Third, income growth has boomed, putting more money in our pockets and our bank accounts. Yes, our strong household finances are a key reason why the underlying trend in inflation has risen, but stronger finances is still a good development. Income growth here in Oregon has been stronger. In the just released 2021 county and metro income data, Oregon’s metros have all outpaced the nation. Grants Pass, Bend, Salem, Albany, and Medford all among the 10 percent strongest increases among all U.S. metros.

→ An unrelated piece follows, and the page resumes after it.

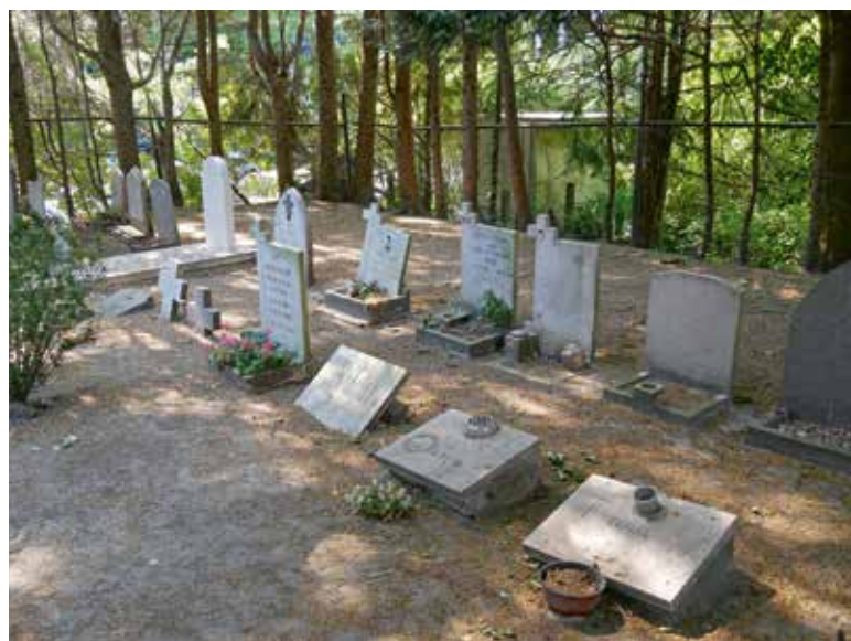
Het hoekje kindergraven rechts van het tweede toegangshek, met het enige oorlogsgraf op dit kerkhof.
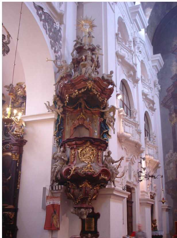
10. Jihlava, kazatelna v kostele sv. Ignáce, T. Süssmayer, 1771

Even more reasons to be thankful is the income growth among all households. Here is what we wrote in our most recent forecast doc:

Last quarter our office flagged the possibility for differences across the distribution when it comes to household finances. Given income and wealth inequality in the U.S. and here in Oregon, many of the topline economic data on income and spending are driven by high-income households. The concern was low- and middle-income households could be falling behind due to high inflation and any slowdown in the economy.

Thankfully this does not appear to be the case. New data through the second quarter from both the Federal Reserve, and the JP Morgan Chase Institute show that low- and moderate-income households are still doing well financially. Checking account balances remain strong and show no deterioration across the distribution. Net worth for all households is higher today than before the pandemic (gray bars). If we narrow the focus to the most recent two quarters where inflation has been the hottest (blue bars), net worth still rose among low- and middle-income households, while high-income households net worth declined along with equity markets. Our office will continue to monitor these quarterly updates on household finances across the distribution.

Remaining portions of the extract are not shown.